Zesty Roasted Tomato Salsa with a Smoky Kick

Ingredients

1 (28 oz) can whole peeled tomatoes, drained

1 medium white onion, quartered

2 cloves garlic, peeled

1-2 jalapeños, halved and seeded (optional, for spice)

1 tbsp Buona Cucina Baklouti Fused Oil

1/2 cup fresh cilantro, chopped

Juice of 1 lime

1 tbsp Buona Cucina Serrano Honey Specialty Vinegar

1/2 tsp ground cumin

1/2 tsp Buona Cucina Smoked Paprika (optional)

Salt and pepper to taste

Directions
Roast the Ingredients:

Preheat your oven to 450°F (230°C).

Spread the drained whole peeled tomatoes, onion quarters, garlic cloves, and jalapeños on a baking sheet.

Drizzle everything with olive oil and toss lightly.

Roast in the oven for 15-20 minutes, or until the edges of the tomatoes and vegetables are slightly charred.

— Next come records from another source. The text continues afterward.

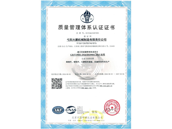 公司順利通過質(zhì)量管理體系認證、環(huán)境體系認證、職業(yè)健康安全管理體系認證、環(huán)評。2015年5月獲國家工信委頒發(fā)的《鑄造企業(yè)準(zhǔn)入條件》;2019年做了安全現(xiàn)狀評價;2020年取得了排污許可證。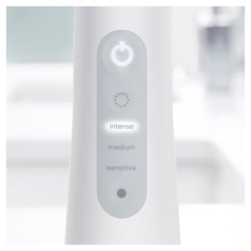 Šetrně čistěte mezizubní prostory s bezšňůrovou ústní sprchou Oral-B AquaCare s technologií Oxyjet pro osvěžující péči o dásně. Elektrická ústní sprcha s technologií Oxyjet, nastavení pulzování pro precizní čištění, lineární nebo rotační proud vody. Postará se o vaše zuby a zároveň odstraní zbytky jídel z mezizubních prostor. Zlepšuje péči o vaše dásně. Režim On-Demand, kterým můžete sami ovlivňovat intenzitu proudu vody. Nádobka na vodu je umístěna přímo v zadní části rukojeti. 6 volitelných čisticích režimů, 3 intenzity čištění – jemná, středně intenzivní a intenzivní.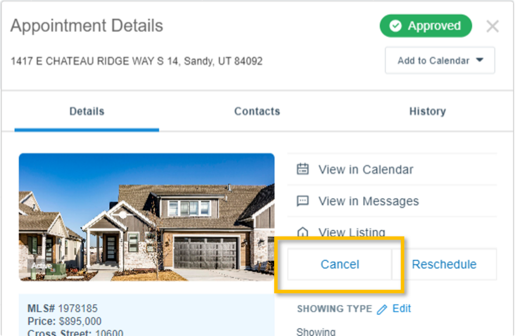 Where Can I Cancel a Showing Request?
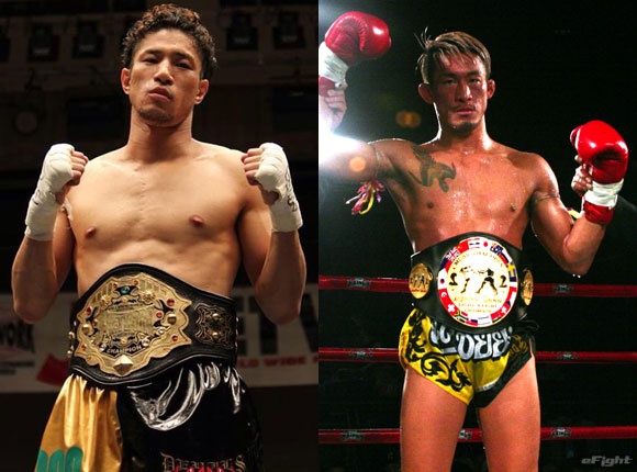 J-NET王者でパンチを得意とする前口(左)と、ムエタイオープン王者でヒジ&ヒザを得意とする翔(右)が激突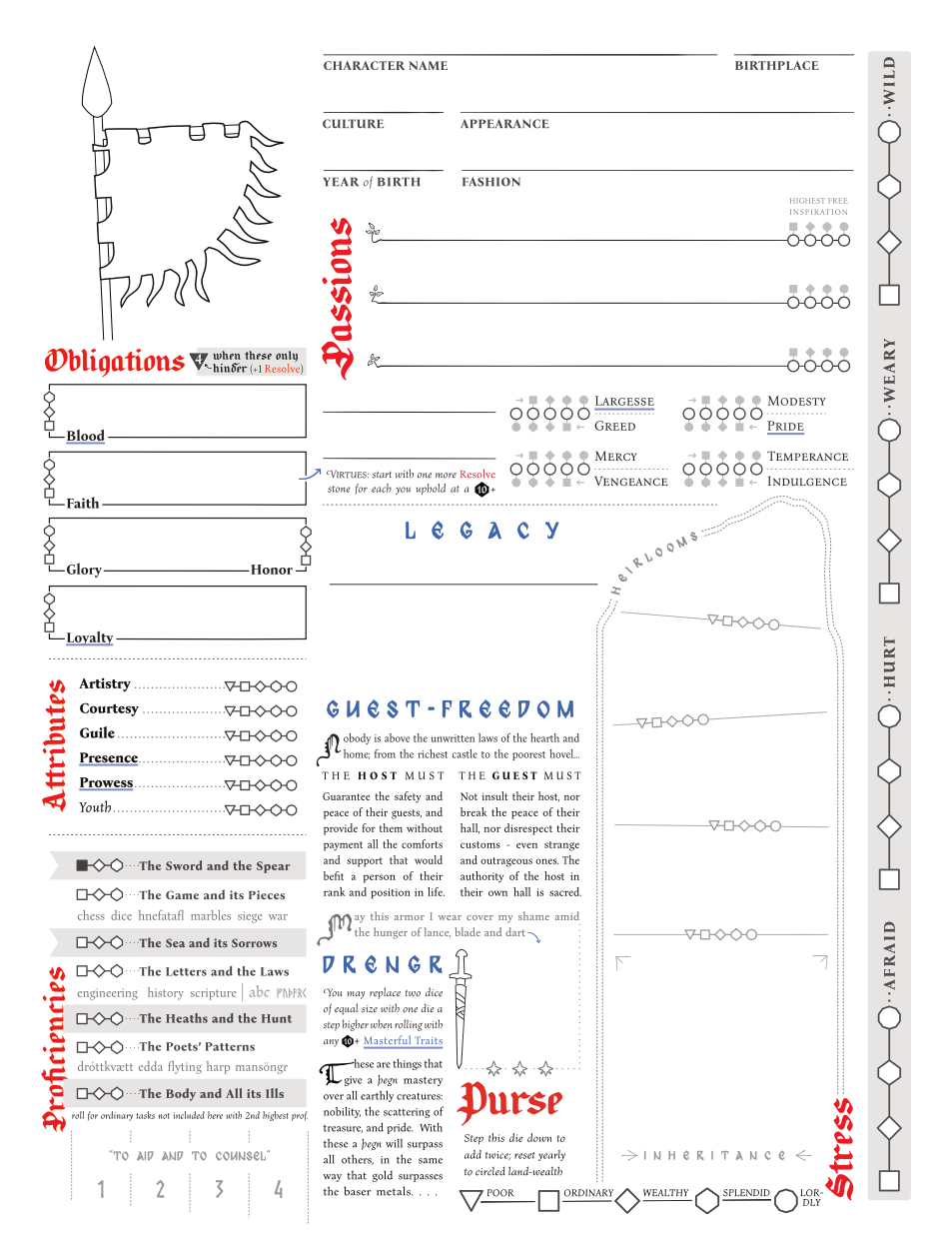 I should start with those as they’re a rather atypical part of a character sheet. I wanted to ground the players in the main assumptions taught to them from childhood. You shouldn’t forget your liege - the idealized goal of your class in society - your faith - the rules of hospitality - your family legacy14.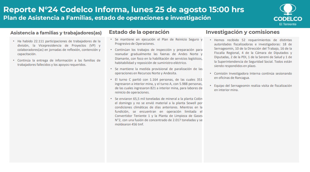 En tanto, la Comisión Investigadora Interna continúa sesionando en las oficinas de Rancagua, mientras que el equipo del Sernageomin realizó visitas de fiscalización en interior mina.

Blend the Salsa:

Let the roasted ingredients cool slightly.

Transfer to a blender or food processor.

Add cilantro, lime juice, cumin, vinegar, smoked paprika, and salt and pepper.

Blend until you reach your desired salsa consistency (smooth or chunky).

Taste and Adjust: Taste and adjust seasoning with additional lime juice, salt, or jalapeño if more spice is needed.

Serve: Transfer the salsa to a bowl. Let it cool to room temperature or refrigerate for at least 30 minutes to allow flavors to meld.